Category: Fire Emblem: Fuukasetsugetsu | Fire Emblem: Three Houses
Genre: Anxiety, Depression, F/M, Gen, Manipulation, Social Anxiety, Trauma, bad fathers
Language: English
Status: Completed
Published: 2020-01-30
Updated: 2020-01-30
Packaged: 2021-02-27 06:54:07
Rating: Teen And Up Audiences
Warnings: No Archive Warnings Apply
Chapters: 1
Words: 1,458
Publisher: archiveofourown.org
Story URL: https://archiveofourown.org/works/22482916
Author URL: https://archiveofourown.org/users/squiggid/pseuds/squiggid
Summary: Linhardt only starts to think that it’s more than shyness when one day Bernadetta comes to class late, hair disheveled and eyes sunken in.
Relationships: Bernadetta von Varley/Hubert von Vestra, Edelgard von Hresvelg/Bernadetta von Varley, Ferdinand von Aegir/Bernadetta von Varley, Linhardt von Hevring/Bernadetta von Varley
Comments: 6
Kudos: 101





	Notice Me

**Author's Note:**

> I wonder if anyone will read this, since it’s not a very popular ship. If you do, thank you.
> 
> I’m always here to chat! Hit me up on Twitter, it’s my name but a j instead of a gg.

It’s Linhardt who notices first.

The first day of class, he chooses a seat at the back of the room, maybe or maybe not already planning to sneak a quick nap in before the professor notices. Another person chooses the back row, which is slightly annoying at first, because then he has to at least feign interest in the lecture. But the other student never says a word, never answers a question, never asks a question. She’s so quiet that Linhardt does manage to sneak in a nap or two before the end of class. When the bell rings, he wakes up and turns to his classmate, but she’s already gone.

This happens every day they have class— the girl comes and goes as quiet as a mouse. Only when the professor calls on her and she squeaks out a response, flustering over words even when her answers are right, does he learn her name: Bernadetta von Varley. And after class, when the commoner girl in class nearly jumps out of her seat to talk to the newly nicknamed “Bernie,” the girl is already gone, quicker than usual, perhaps from the embarrassment of being called on in class.

Linhardt only starts to think that it’s more than shyness when one day Bernadetta comes to class late, hair disheveled and eyes sunken in. The professor comments on it, and Bernadetta looks so panicked that she’s about to pass out.
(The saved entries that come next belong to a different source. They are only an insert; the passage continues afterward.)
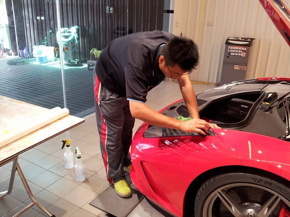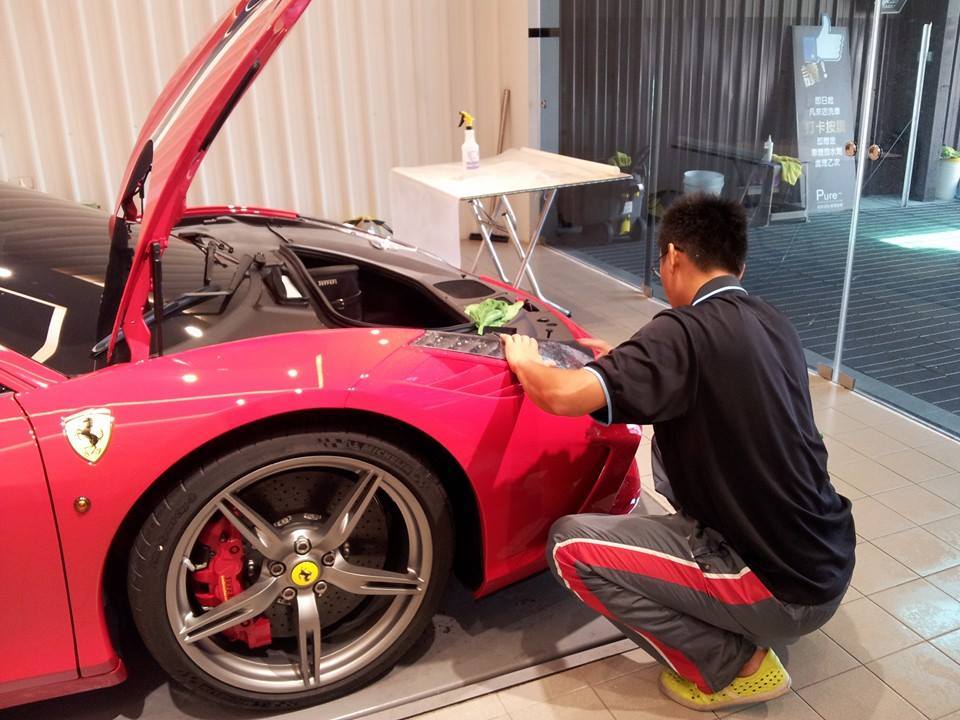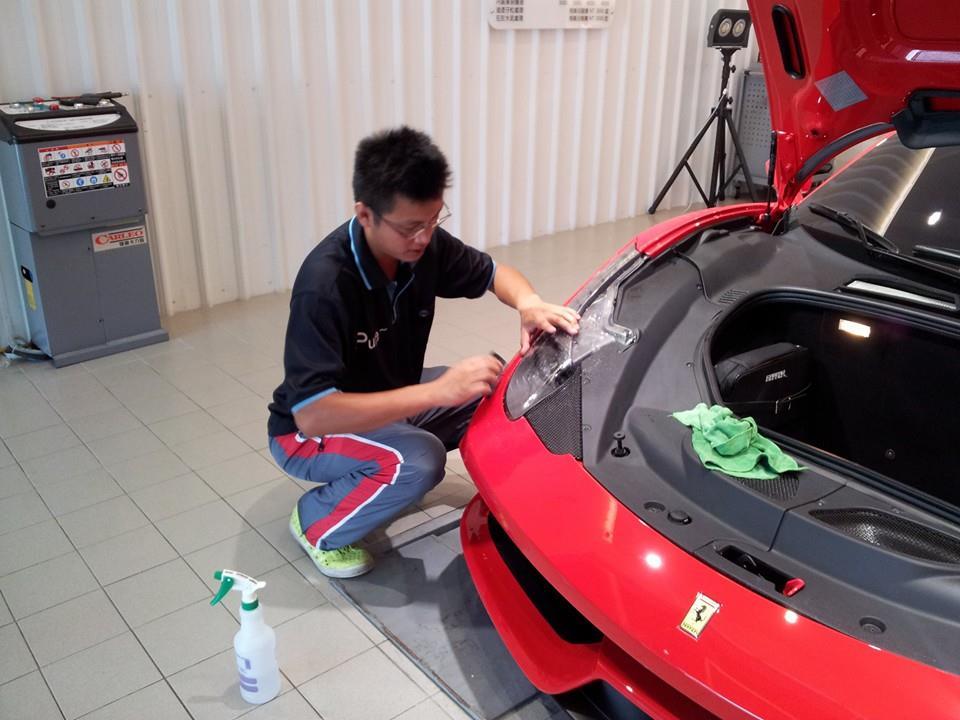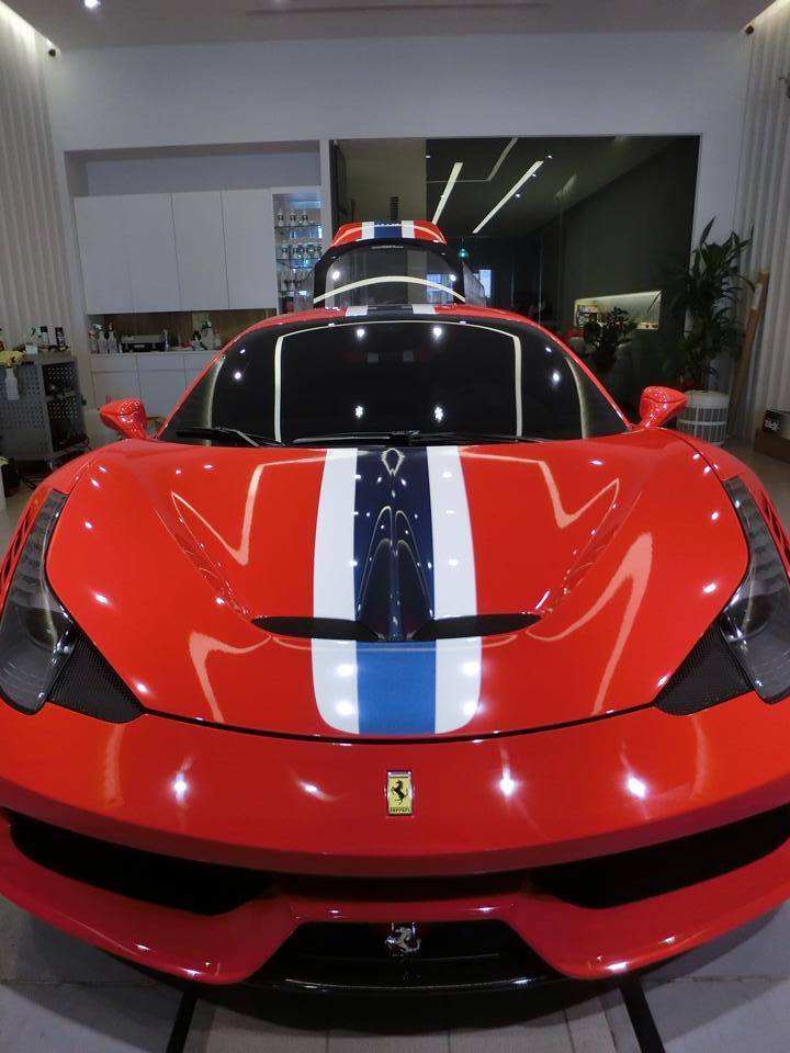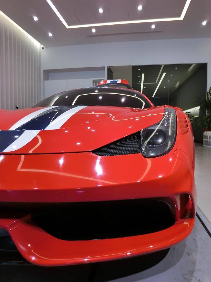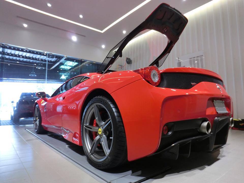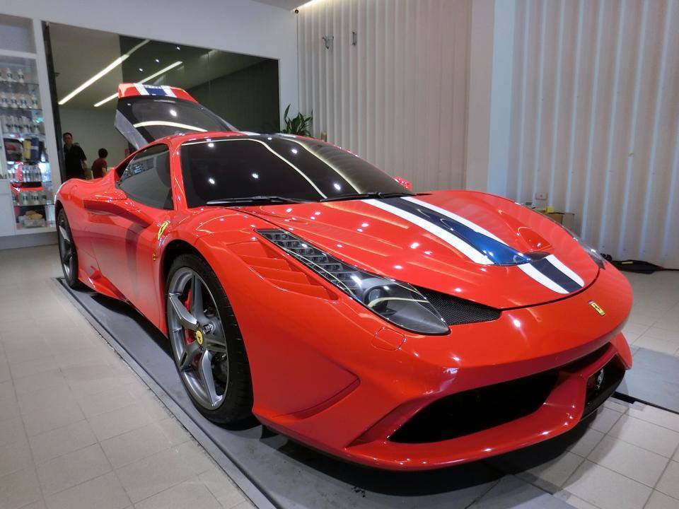 在本地Ferrari代理商台灣蒙地拿(Modena Motori Taiwan)的積極努力下,標準紅色塗裝的Ferrari 458 Speciale測試車已在數個月前抵達台灣,而先前首部顧客的Ferrari 458 Speciale也以黃色塗裝在台北(Taipei)上路行駛,現在南部地區的高雄(Kaoshiung)更添第一部即將交出的Ferrari 458 Speciale。這部即將交到貴客手中的Ferrari 458 Speciale採用與官方發表時相同的紅色塗裝與藍白NART車身飾條,輪圈則與測試車的消光黑色不同,選擇的是槍灰色版本,搭配紅色塗裝煞車卡鉗,質感極佳。該車日前被送到高雄專業店家Pure純粹自私車體美學進行交車前的美容工程,同時貼上保護車漆的犀牛皮,而該店家也是南部超級跑車玩家最推薦的專業汽車美容廠之一。
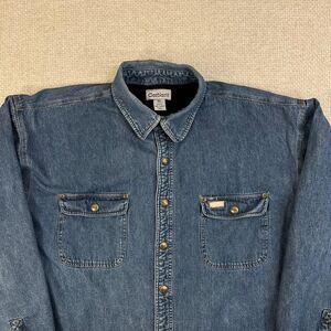Vintage Carhartt Jacket Men's XL Tall Blue Denim Fleece Lined Shacket S115DST
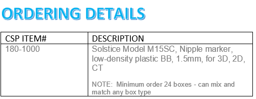 Xact M15SC nipple markers feature a plastic 1.5mm diameter BB perfect for 3D tomo. They are easy to apply, adhere well, and are artifact-free. For plain films, extremities, and mammography, please also consider markers M15S and M20S.
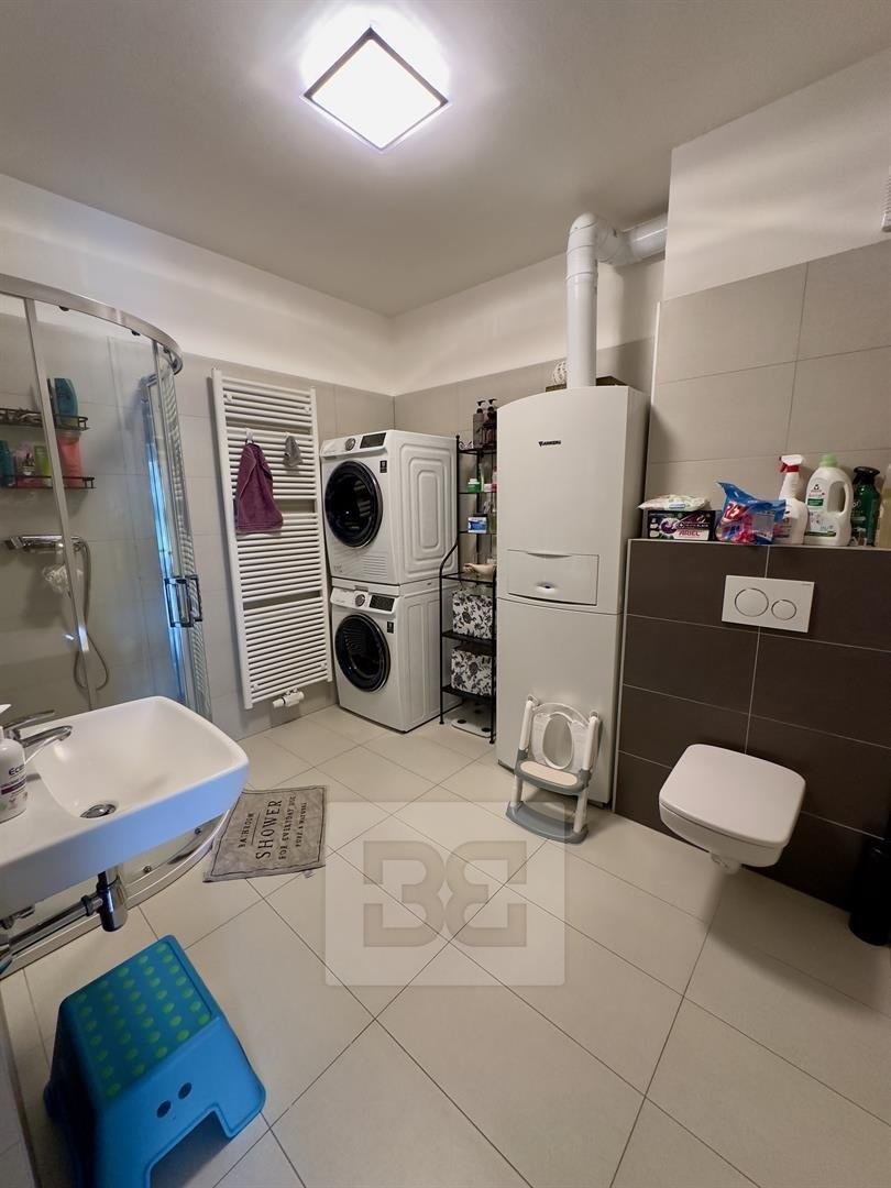 K nastěhování od 1.6.2026. Nabízíme Vám pronájem patrového rodinného domu s obytnou plochou 144 m² a zahradou 350 m², v ulici Borová - obec Zlonín. Přízemí se sestává ze vstupní chodby, koupelny se sprchovým koutem a toaletou, k dispozici je pračka a sušička, pokoje pro hosty s vybavením viz foto, komory v prostoru pod schodištěm a obývacího pokoje s kuchyňským koutem plně vybaveným vestavnými spotřebiči. Zůstává americká lednice a ostatní vybavení vyjma TV, pohovky a konferenčního stolku. Z obývacího pokoje lze vejít na terasu 17 m² s elektrickou markýzou a zastíněním, dále na zahradu 350 m², s nádrží na dešťovou vodu o objemu 14 m³. Po schodišti vyjdeme do prvního patra, které se sestává z haly, samostatné toalety, koupelny s vanou, dvou pracoven, které zůstanou prázdné, pod dohodě lze nechat stolky a křesla, ložnice s prostornou skříní a dětského pokoje. K domu náleží garáž 37 m². Zde zůstávají regály, druhá lednice, gril, změkčovač vody a zahradní vybavení. V oknech nainstalovány předokenní žaluzie, chytrá domácnost ovládána mobilní aplikací, druhý vodoměr na užitkovou vodu, která je levnější o 50%. Měsíční nájem činí 50 000 Kč. Poplatky za služby (voda, internet, plyn, elektřina, odpady včetně bio a alarm včetně SIM) ve výši 8 500 Kč pro 3 osoby + 500 za každou další osobu. Vratná kauce 100 000 Kč. Provize RK 50 000 Kč + DPH. Nechcete ztrácet čas? V případě zájmu Vám rád pošlu odkaz na virtuální prohlídku, abyste měli úplnou představu o nabízené nemovitosti (360C prohlídka s možností orientace ve videu dle vašich představ).

Later in class, she answers a question, and afterward mumbles under her breath how stupid her answer was, how stupid she is, how she’ll never be amount to anything and she shouldn’t even try. And she leaves as soon as the clock strikes the hour, looking pale and nauseous.

Linhardt notices the behavior but doesn’t know what to do about it, or even if he should do anything about it in the first place. After all, it does seem rather troublesome.

He settles for observing for now and seeing how the year unfolds.

—

Hubert’s the one who notices next.

He’s been keeping a close eye on everyone in the house for any potential threats to his Lady or her future plans. Any one of them could try to overthrow her: the runt of House Bergliez trying to gain some form of power, the princess of Brigid who could use her savage ways to take revenge for her country. He hasn’t overlooked the heir to House Varley, with the rumors of her cursed dolls, so he watches over Bernadetta, even when she’s mostly holed up in her room.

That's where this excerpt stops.